Hello !
Since grml seems to become more and more THE live-cd for admins, and maybe often being used for recovery purpose to save data from more or less "dead" boxes - did anybody think of taking a look at the BadRam Kernelpatch ?
http://rick.vanrein.org/linux/badram/index.html
--------------------------------------- Description:
BadRAM: Linux kernel support for broken RAM modules Summary: This page proposes an approach to support RAMs with defective addresses, This may open interesting business perspectives, where those RAMs can be sold under a white label for less money rather than discarded of without any profit.

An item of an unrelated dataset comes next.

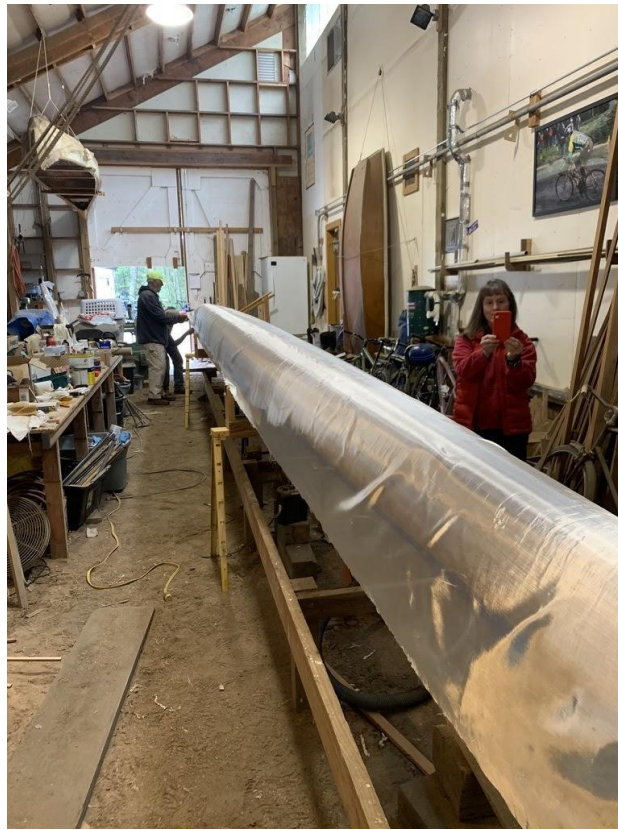
Preparing to Apply Varnish to Fiberglass

Objective of the project My objective is to patch the Linux kernel in such a way that it can handle defective RAM modules. With defective RAM, I mean RAM which has some bits wrong at some (known) addresses. Normally, such RAM is considered useless and thrown away; the larger RAMs get, the higher the chances of failing addresses. With ever growing RAM sizes, it would therefore be pleasant to have an alternative to discarding of defective RAM chips. ---------------------------------------
Unfortunately, I don`t have personal experience with this patch (yet), but maybe there are people on this list who know that patch already !?
It exists for quite some time and a version for recent 2.6.18 kernel is available.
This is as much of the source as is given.